À Metz, la fin de saison prend des accents provençaux. Aux côtés d’un spectacle en deux soirées sur les Lettres de mon moulin, signé Philippe Caubère (11 & 12, puis 13 & 14/05) se déploie en effet Mireille de Gounod. Après l’avoir monté à Nice et à Toulon – avec la divine soprano albanaise Ermonela Jaho dans le rôle-titre, qui se produisait pour la première fois en France –, Paul-Émile Fourny en propose une nouvelle mise en scène avec à l’esprit les mots du compositeur cités par André Second dans sa biographie : « Il faut que cette âme lumineuse meure devant la mer inondée de soleil. C’est une messe en blanc et non en noir qu’il lui faut. » Autour de ce mot d’ordre on découvre l’histoire dramatique d’une fille de riche propriétaire : amoureuse du pauvre vannier Vincent, elle repousse son promis, l’aisé bouvier Ourrias. Voilà le point de départ de la tragédie amenant Mireille à la mort aux Saintes-Maries-de-la-Mer après une marche éreintante dans le désert de la Crau.
Au plateau, le directeur de l’Opéra-Théâtre de Metz s’est inspiré de The Red Dress, projet de l’artiste britannique Kirstie MacLeod : entre 2009 et 2022, une robe rouge à traversé le monde, s’enrichissant de nouvelles broderies à chaque étape pour créer un vêtement unique confectionné par 343 personnes originaires de 46 pays. Il est au centre de cette production : ainsi la scène d’ouverture où des magnanarelles cueillent des feuilles de mûrier destinées aux vers à soie, le matin de la Saint-Jean, se déroule-t-elle dans un atelier.

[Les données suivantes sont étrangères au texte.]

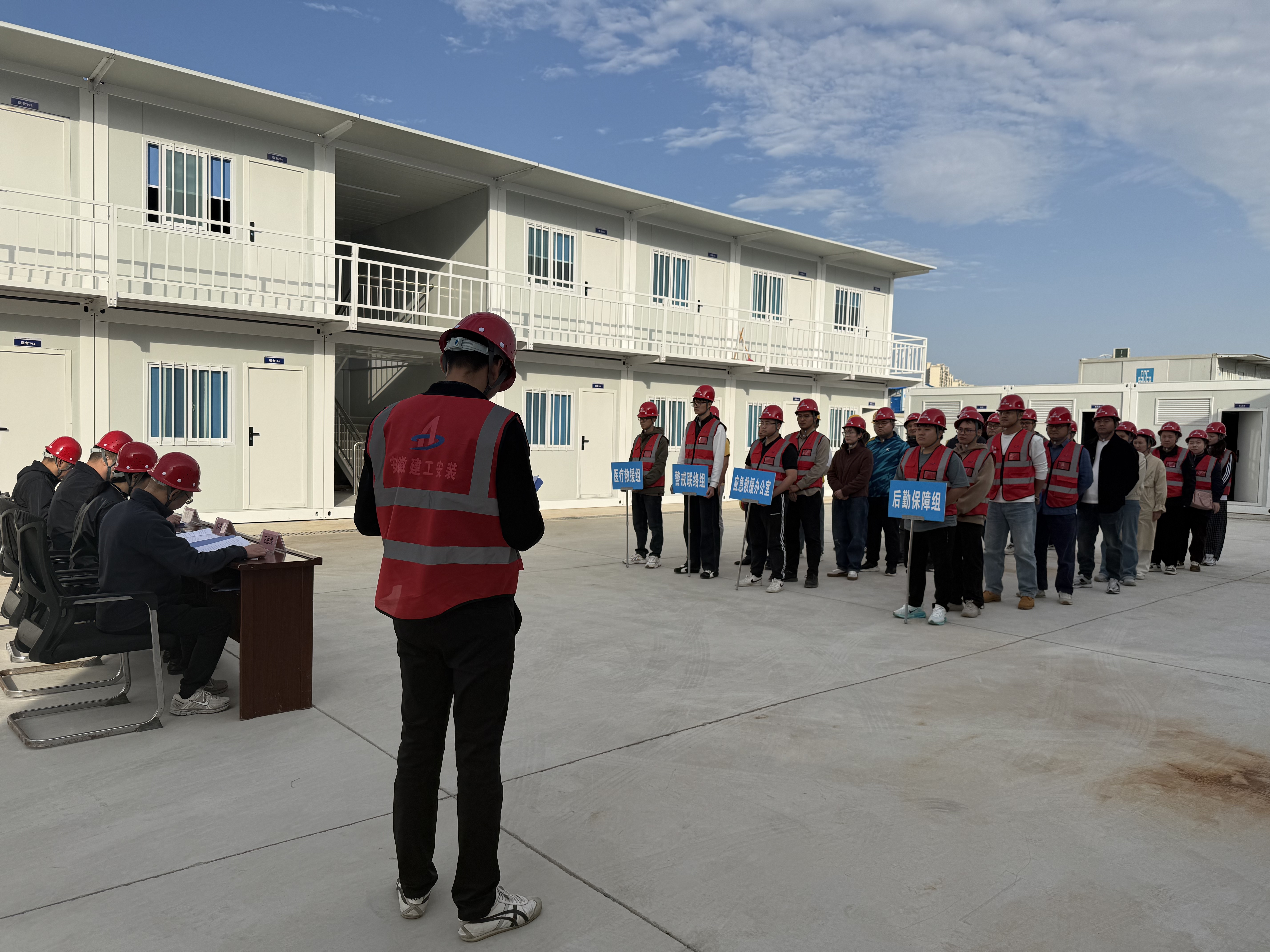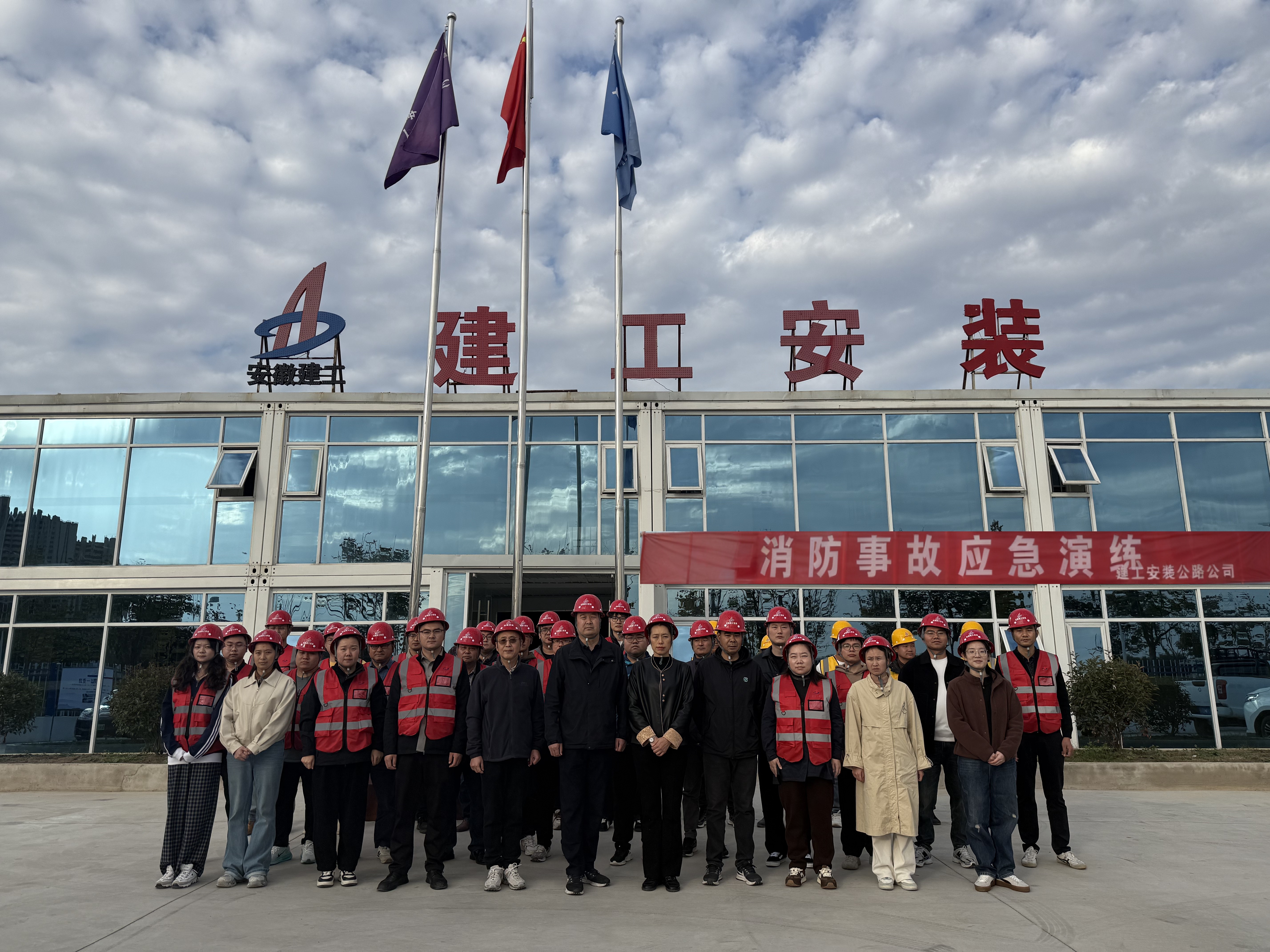 響應2025年“全民消防、生命至上——安全用火用電”消防月號召,11月10日下午,建工安裝公路公司在蘇滁文體中心施工項目部組織消防應急演練,機關及在滁項目部共30余人參加。

Dans cet espace, le métier à tisser sert à la réalisation symbolique de cette robe représentant « la vie de Mireille, son fardeau en quelque sorte. Dans une société patriarcale, elle incarne une anti-Carmen, peinant à affirmer ses choix amoureux. Son rapport avec son père rappelle celui de Gilda et de Rigoletto », résume le metteur en scène. Cet opéra de l’oppression patriarcale ressemble à une variation sur le mariage forcé – « une thématique qui n’a pas perdu de son actualité sur la planète, malheureusement » – plaçant en pleine lumière, « comme souvent chez Gounod, un personnage féminin dont la figure maternelle est absente à l’image de Roméo et Juliette ou Faust. » Servie paru une distribution prometteuse – on attend beaucoup de la soprano Gabrielle Philiponet dans le rôle-titre – cette production hautement symbolique se déroulant à l’époque voulue par le compositeur, invite à se plonger dans le romantisme à la française d’une infinie délicatesse, nimbé de folklore provençal de la partition.